_What you will do_
Start the copy at the line containing "Diagram of m6A" and run it through the last line of the records. Repeat each line exactly; omit pictures.

_Material for this exercise_
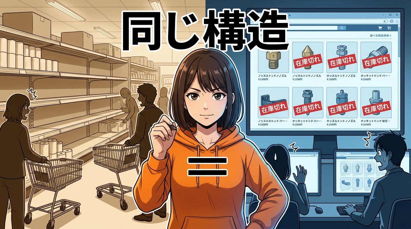 前編では、「何が起きているのか」という実態をお伝えしました。世界規模で部品が消えている、バックオーダーができない、特にホットエンドとシリコンソックが深刻。そういう現場の生々しい状況でしたよね。
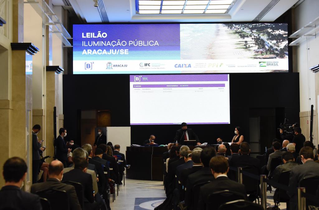 A Prefeitura de Aracaju participou, na manhã desta sexta-feira, 14, de leilão na operadora Bolsa Brasil Balcão (B3), em São Paulo, no qual foi escolhido o consórcio de empresas que modernizará toda a iluminação pública da cidade. A iniciativa colocou a capital sergipana como a primeira cidade do país a realizar uma Parceria Público-Privada, apoiada pelo Fundo de Estruturação de Projetos (FEP) do governo federal. De maneira inédita, Aracaju terá todo o seu parque de iluminação substituído por lâmpadas com tecnologia LED. O prefeito Edvaldo Nogueira participou da cerimônia ao lado do ministro do Desenvolvimento Regional, Rogério Marinho.
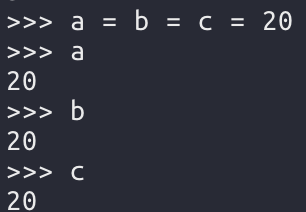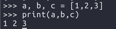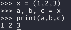 리스트와 튜플을 사용하여 다음과 같이 변수 여러개를 한 번에 만들 수 있다.
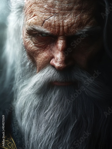 senior, man, face, beard, white, long, portrait, mysterious, intense, eye, powerful, closeup, detail, old, aged, wisdom, ancient, character, fantasy, mythology, legend, mystical, magic, magician, sorcerer, elder, grandfather, patriarch, expression, looking, gaze, serious, determined, dramatic, storytelling, art, illustration, digital artwork, graphic, design, concept, photorealistic, three-dimensional, render
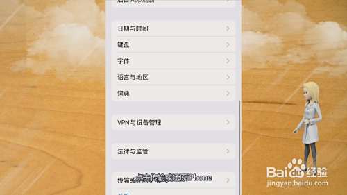 在通用设置里,点击传输或还原iPhone,进入新的界面。
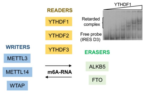 Diagram of m6A RNA modification enzymes. The proteins known as writers, readers, and erasers are depicted. The image on the right shows the interaction of YTH N6-methyladenosine RNA binding protein 1 (YTHDF1) protein with labeled domain 3 the FMDV IRES in RNA retarded gel shift assay.
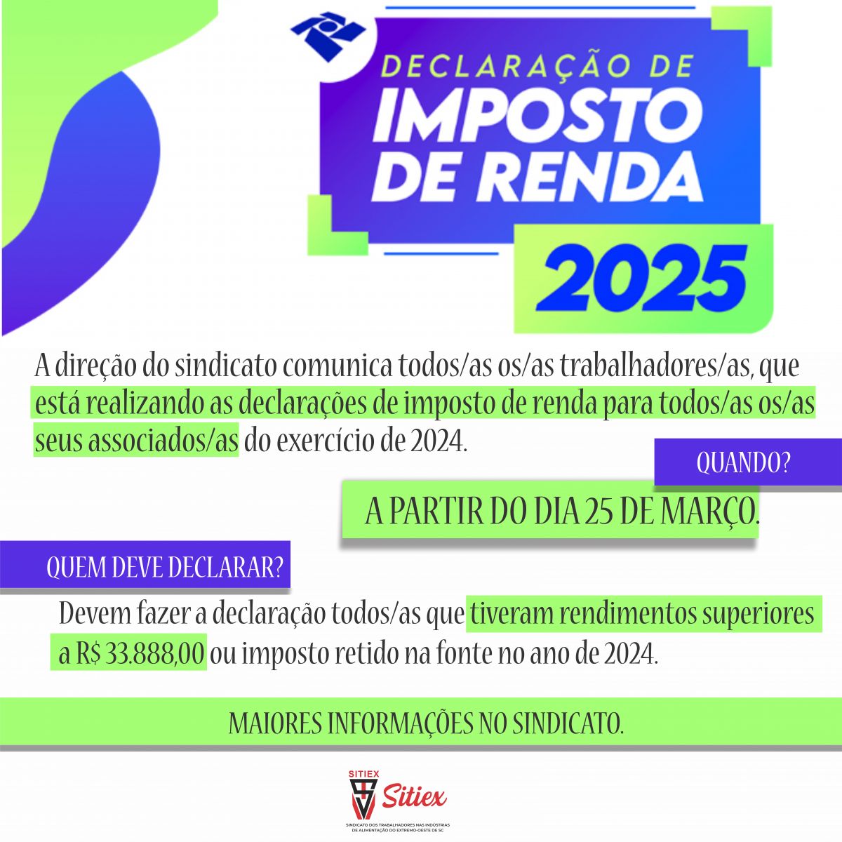 A direção do sindicato comunica todos/as os/as trabalhadores/as, que está realizando as declarações de imposto de renda para todos/as os/as seus associados/as do exercício de 2024, a partir do dia 25 de março. Devem fazer a declaração todos/as que tiveram rendimentos superiores a R$ 33.888,00 ou imposto retido na fonte no ano de 2024.
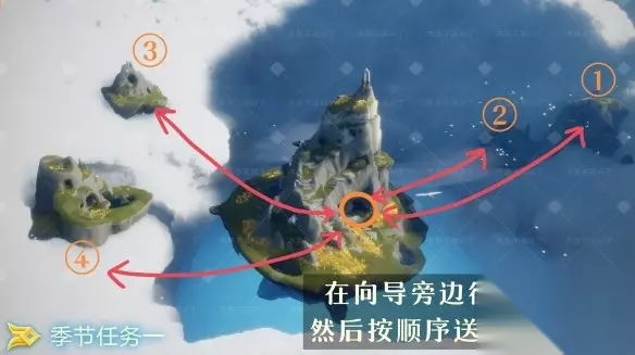 光遇风行季第一个任务怎么完成?光遇风行季已经正式解锁了,这个季节也会有新的季节任务,接下来就和小编一起来看看目前第一任务的相关攻略。 光遇风行季第一个任务怎么完成 一、任务攻略 1、首先玩家从雨林右侧的云洞进入,找到里面的风行先祖; 2、然后去向导先祖处领取任务,在光圈处打坐开启第一个任务; 3、第一个任务就是把蜡烛送到右侧岛屿上面的修补匠。 一共四个先祖,位置如图,依次给四个先祖送蜡烛,即可完成任务。
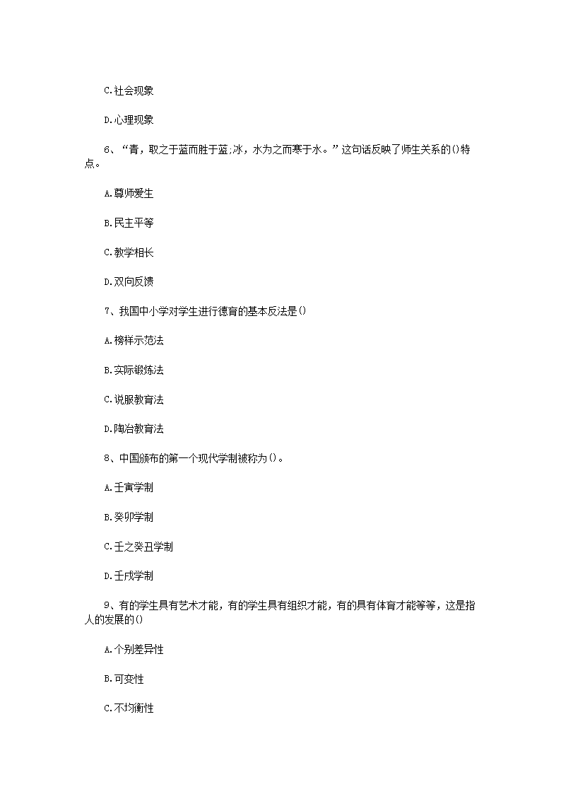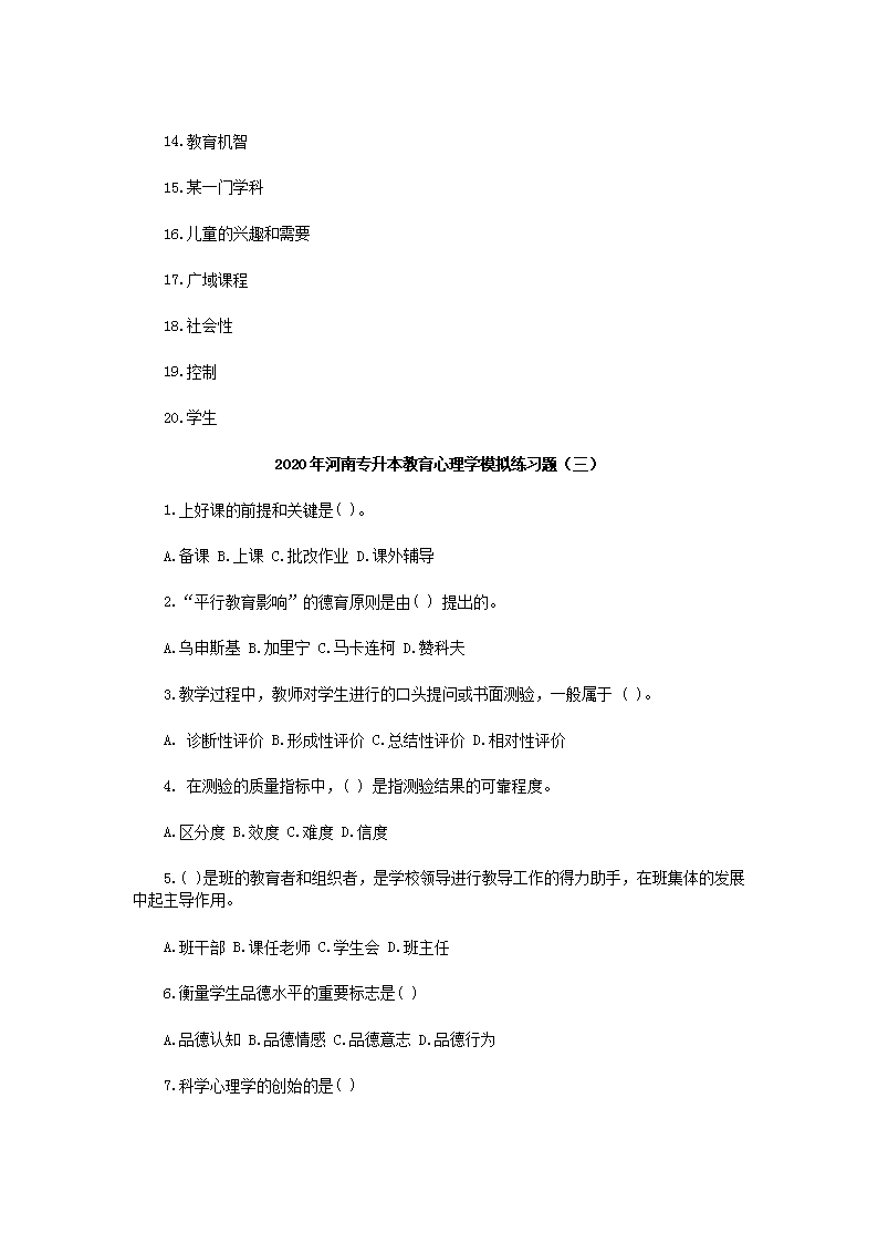 【文档预览】 无忧考网整理发布2020年河南专升本教育心理学模拟练习题三套(Word版),前五页预览如下:
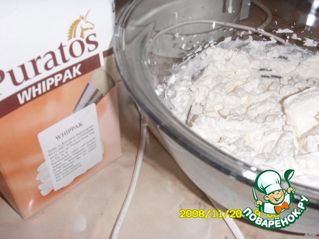 Взбиваем сливки, кладем какао и ванил.сахар=крем.
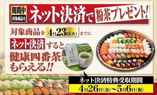 コロワイドグループの株式会社アトム(本社:神奈川県横浜市、代表取締役社長:小島保幸)は、「にぎりの徳兵衛」「海鮮アトム」「海へ」の各店で、2024年4月26日(金)~5月6日(祝) のお受取り限定で、2024年3月29日(金)~4月23日(火)までに対象のお持ち帰り商品をネット決済いただくと『健康四番茶(粉茶)』をプレゼントいたします。
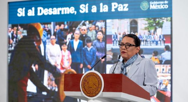 La titular de Gobernación reiteró el llamado a la población a entregar sus armas de manera voluntaria y anónima a cambio de un apoyo económico. Señaló que en esta iniciativa también han participado niñas y niños, quienes han intercambiado 4 mil 585 juguetes bélicos por juguetes educativos.
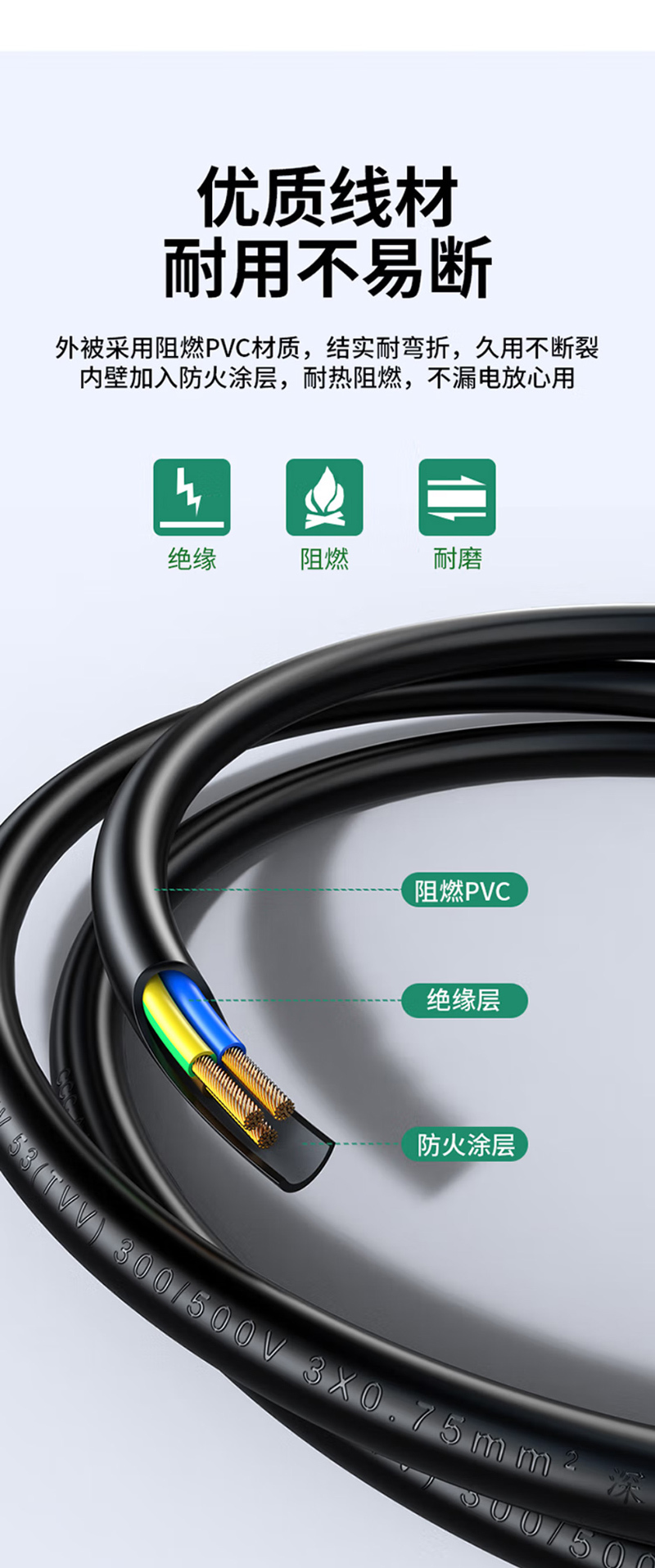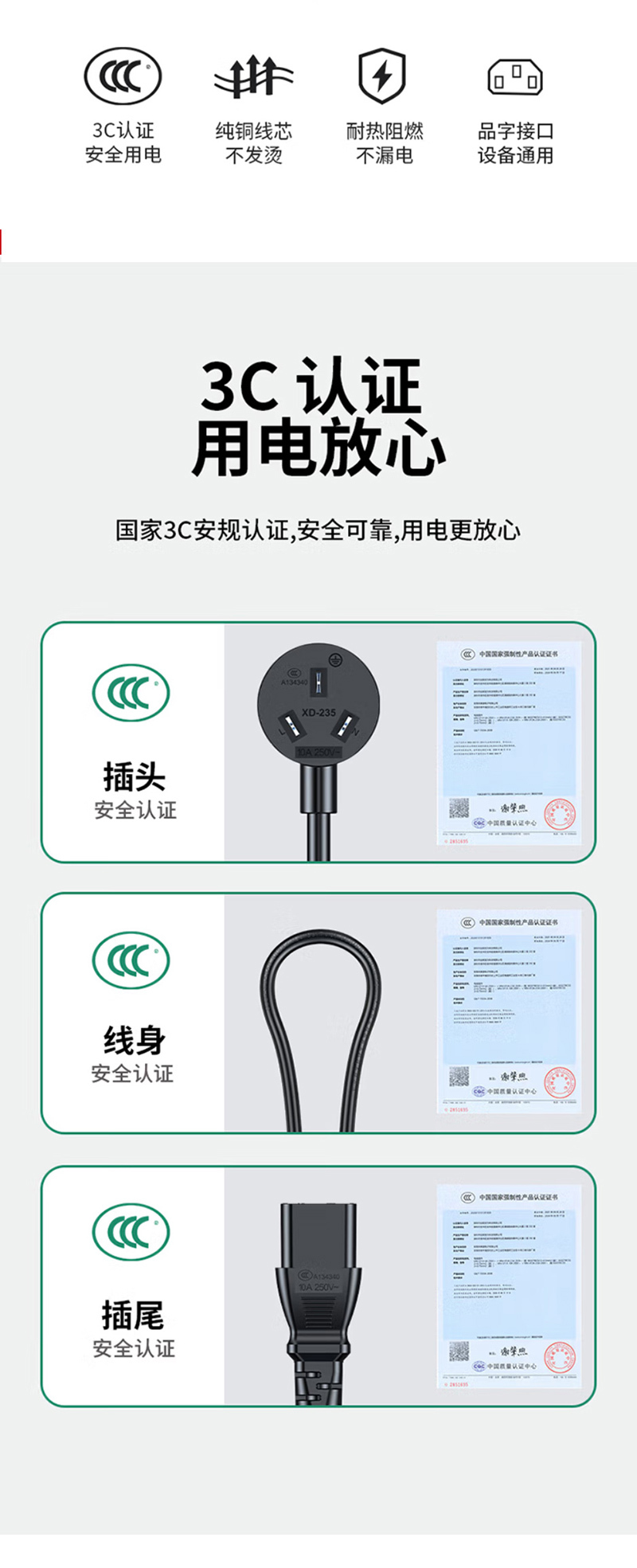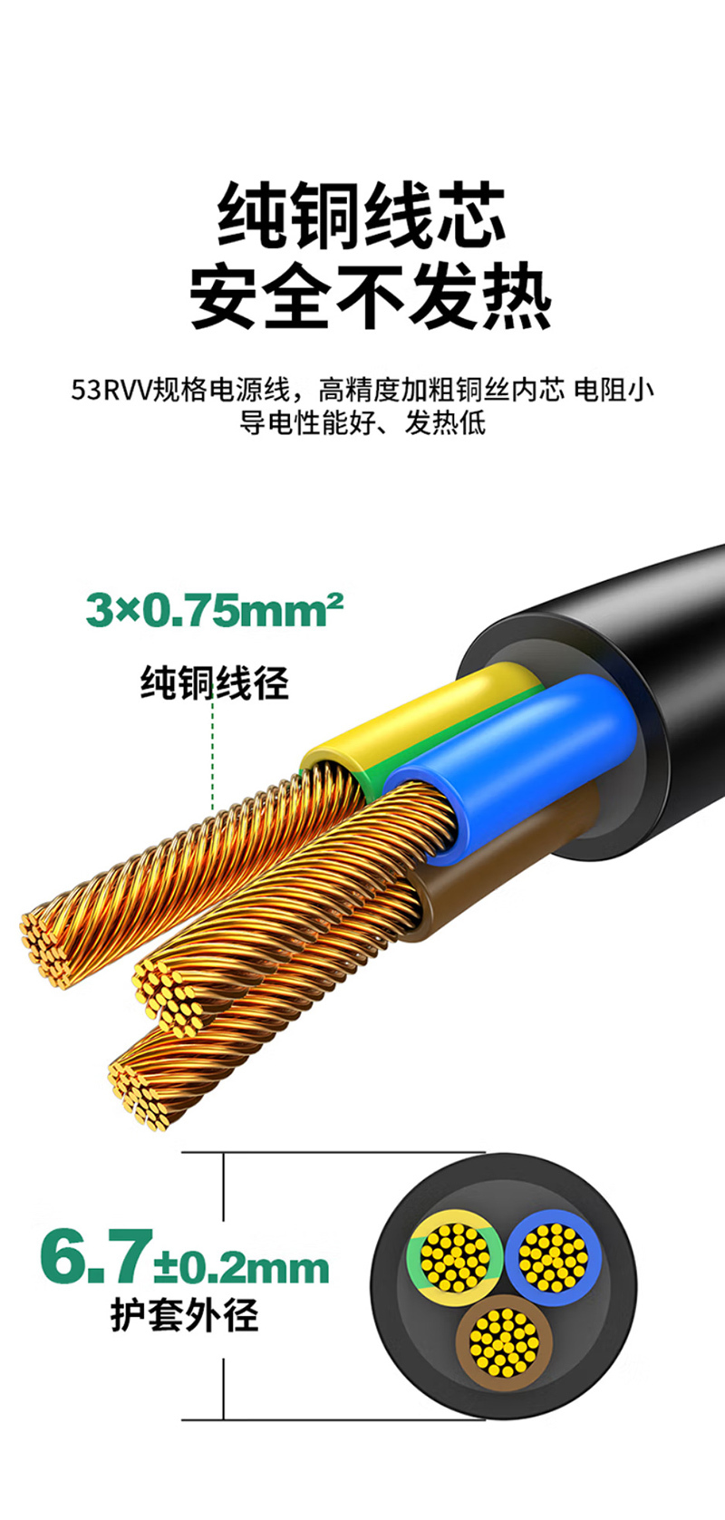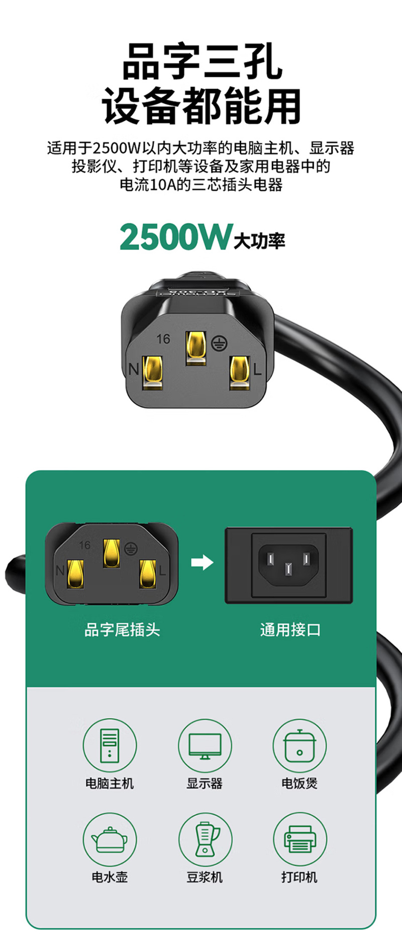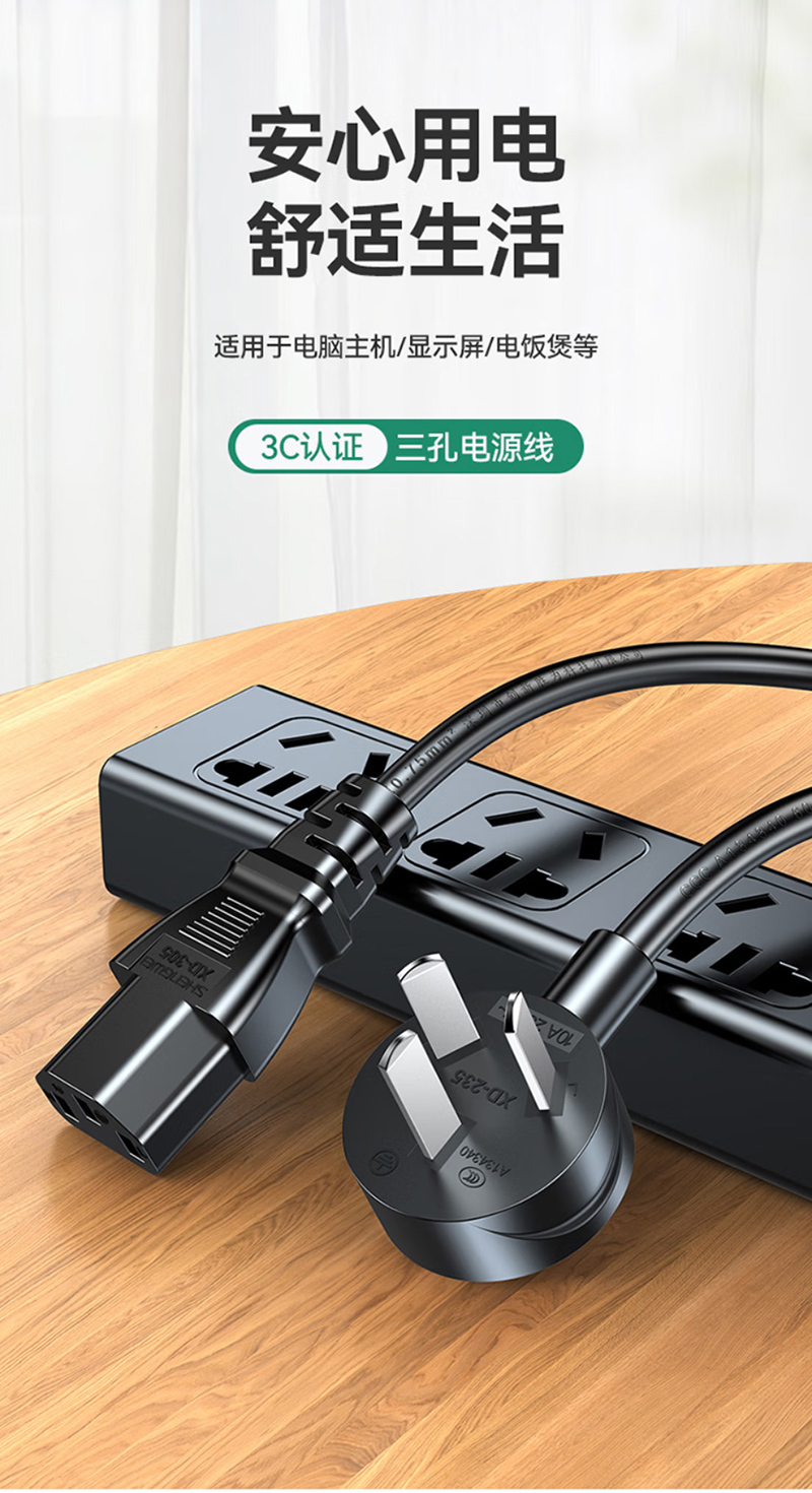5米/条5m黑色电源线条SHENGWEI/胜为国标三插针对品字尾孔电源线APT0050G-3×0.75mm² 5m

_Response area_
 Diagram of m6A RNA modification enzymes. The proteins known as writers, readers, and erasers are depicted. The image on the right shows the interaction of YTH N6-methyladenosine RNA binding protein 1 (YTHDF1) protein with labeled domain 3 the FMDV IRES in RNA retarded gel shift assay.
 A direção do sindicato comunica todos/as os/as trabalhadores/as, que está realizando as declarações de imposto de renda para todos/as os/as seus associados/as do exercício de 2024, a partir do dia 25 de março. Devem fazer a declaração todos/as que tiveram rendimentos superiores a R$ 33.888,00 ou imposto retido na fonte no ano de 2024.
 光遇风行季第一个任务怎么完成?光遇风行季已经正式解锁了,这个季节也会有新的季节任务,接下来就和小编一起来看看目前第一任务的相关攻略。 光遇风行季第一个任务怎么完成 一、任务攻略 1、首先玩家从雨林右侧的云洞进入,找到里面的风行先祖; 2、然后去向导先祖处领取任务,在光圈处打坐开启第一个任务; 3、第一个任务就是把蜡烛送到右侧岛屿上面的修补匠。 一共四个先祖,位置如图,依次给四个先祖送蜡烛,即可完成任务。
 【文档预览】 无忧考网整理发布2020年河南专升本教育心理学模拟练习题三套(Word版),前五页预览如下:
 Взбиваем сливки, кладем какао и ванил.сахар=крем.
 コロワイドグループの株式会社アトム(本社:神奈川県横浜市、代表取締役社長:小島保幸)は、「にぎりの徳兵衛」「海鮮アトム」「海へ」の各店で、2024年4月26日(金)~5月6日(祝) のお受取り限定で、2024年3月29日(金)~4月23日(火)までに対象のお持ち帰り商品をネット決済いただくと『健康四番茶(粉茶)』をプレゼントいたします。
 La titular de Gobernación reiteró el llamado a la población a entregar sus armas de manera voluntaria y anónima a cambio de un apoyo económico. Señaló que en esta iniciativa también han participado niñas y niños, quienes han intercambiado 4 mil 585 juguetes bélicos por juguetes educativos.
5米/条5m黑色电源线条SHENGWEI/胜为国标三插针对品字尾孔电源线APT0050G-3×0.75mm² 5m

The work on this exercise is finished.